The zero-width space(), abbreviated ZWSP, is a non-printing character used in computerized typesetting to indicate where the word boundaries are, without actually displaying a visible space in the rendered text. This enables text-processing systems for scripts that do not use explicit spacing to recognize where word boundaries are for the purpose of handling line breaks appropriately.
The zero-width space is Unicode character U+200B
, and is located in the Unicode General Punctuation block. In HTML, it can be represented by the character entity reference ​
.
The zero-width space marks a potential line break without hyphenation.

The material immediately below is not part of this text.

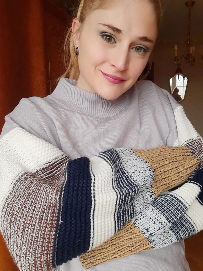 Sweat gris manches mailles L/XL - photo numéro 2

Its semantics and HTML implementation are similar to the soft hyphen, but soft hyphens display a hyphen character at the point where the line is broken.
The zero-width space can be used to mark word breaks in languages without visible space between words, such as Thai, Myanmar, Khmer, and Japanese. [1]
In justified text, the rendering engine may add inter-character spacing, also known as letter spacing, between letters separated by a zero-width space, unlike around fixed-width spaces. [1]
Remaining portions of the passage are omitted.